(Stored data)
- Opening Delimiter -
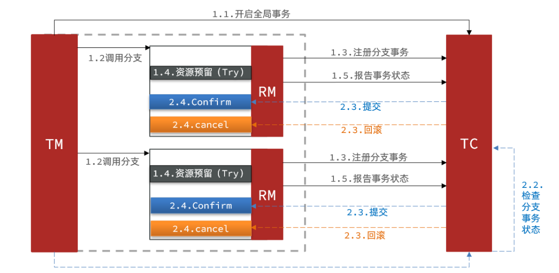 Seata中的TCC模型依然延续之前的事务架构,如图:
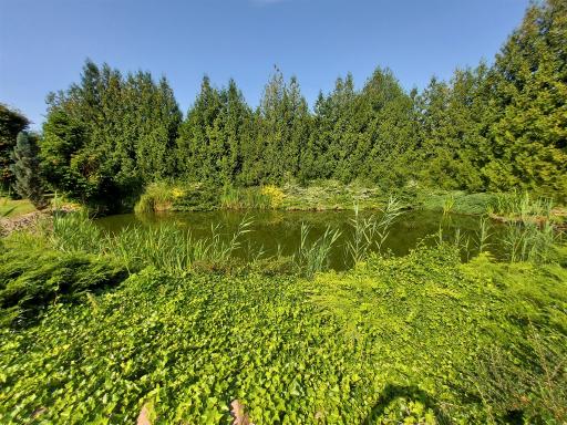 | Aranżacja działki | Drzewa, Staw, Altanka |
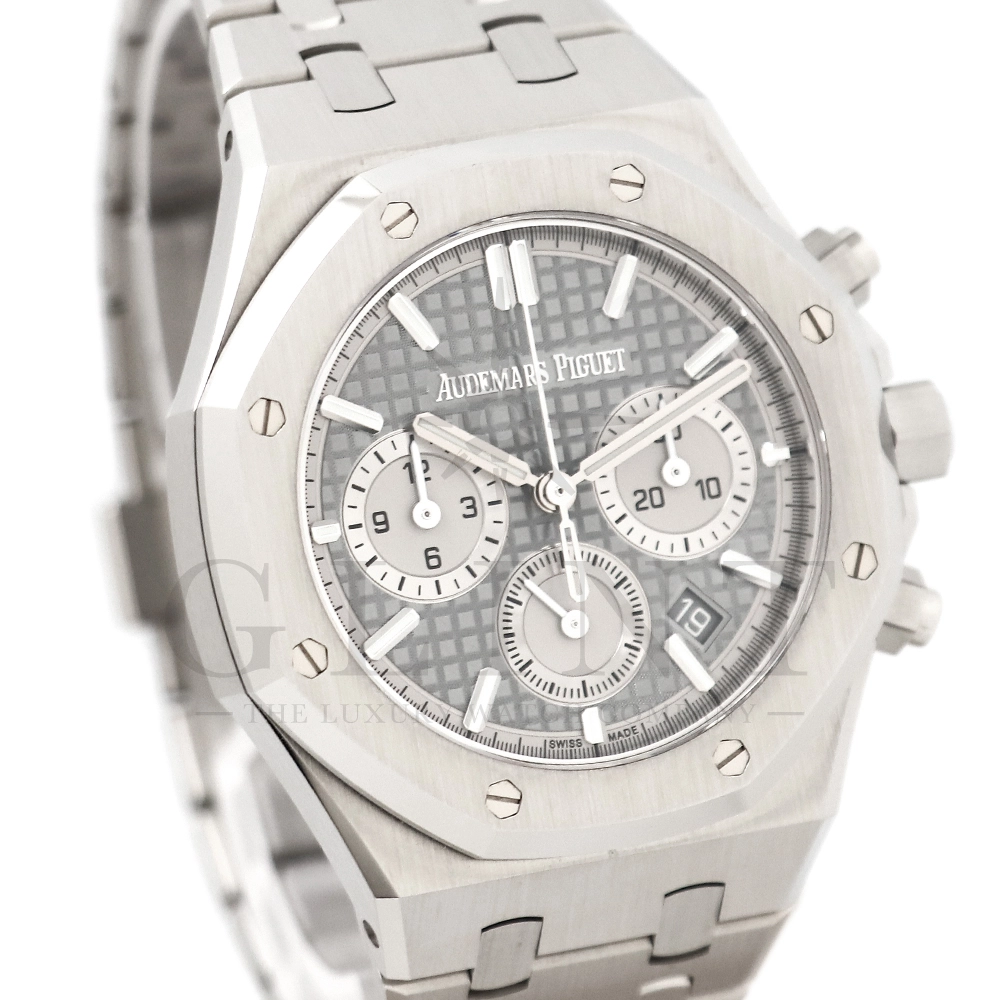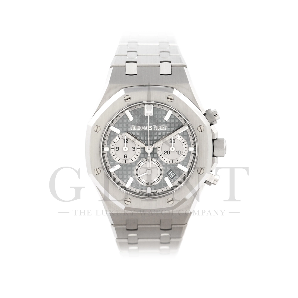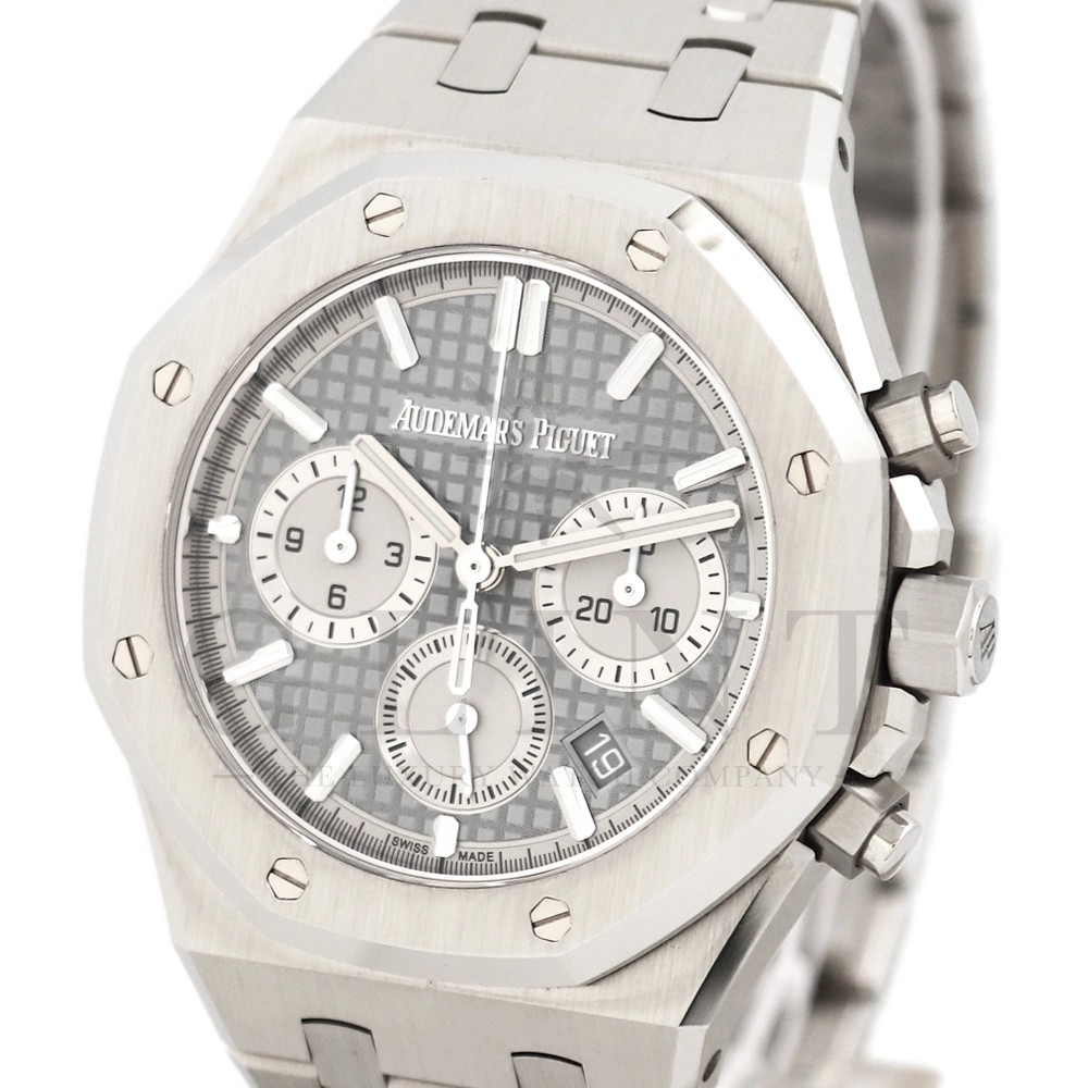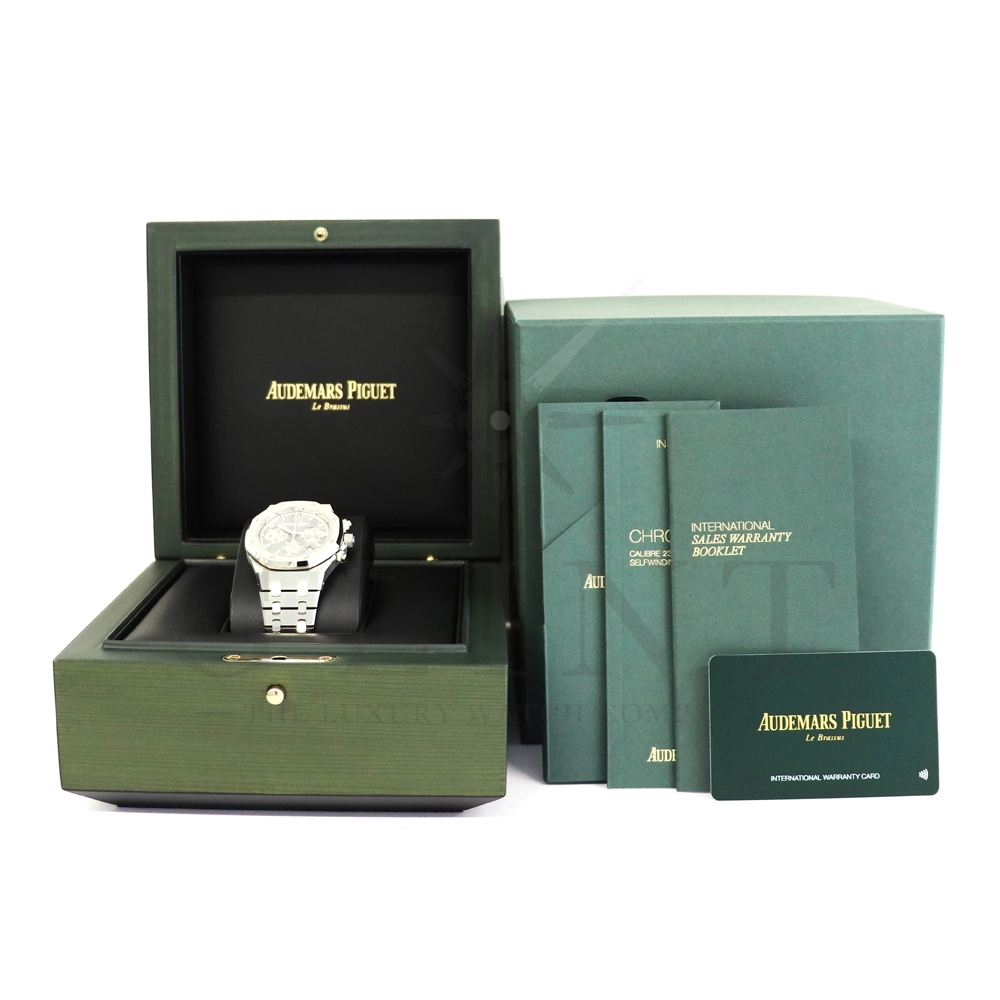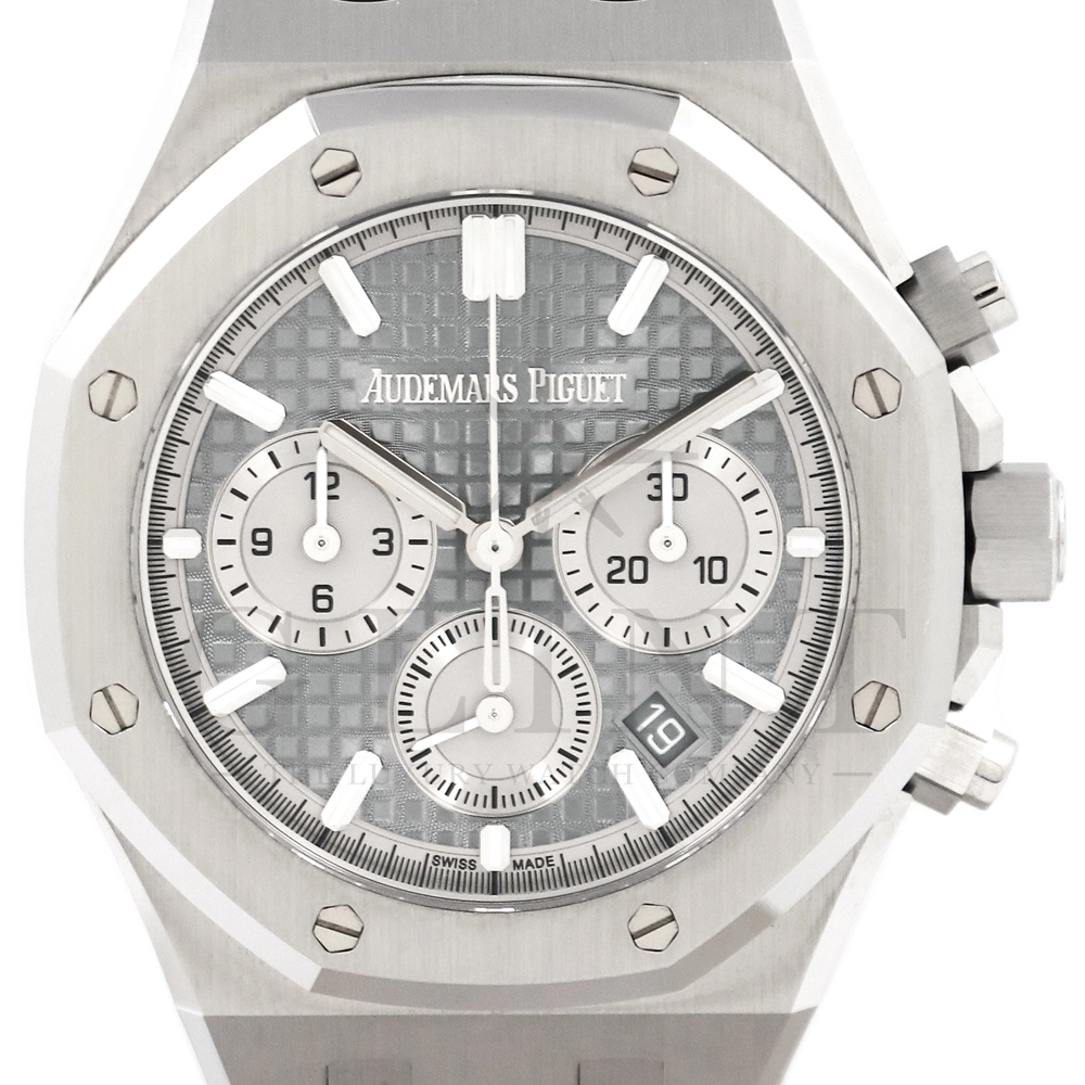 文字盤:「グランドタペストリー」模様のグレーダイヤル、シルバーカラーのカウンター、蓄光処理を施したホワイトゴールドのアプライドアワーマーカーとロイヤルオーク針
- Closing Delimiter -
The whole listing should be printed again exactly as written, images excluded.

 Seata中的TCC模型依然延续之前的事务架构,如图:
 | Aranżacja działki | Drzewa, Staw, Altanka |
 文字盤:「グランドタペストリー」模様のグレーダイヤル、シルバーカラーのカウンター、蓄光処理を施したホワイトゴールドのアプライドアワーマーカーとロイヤルオーク針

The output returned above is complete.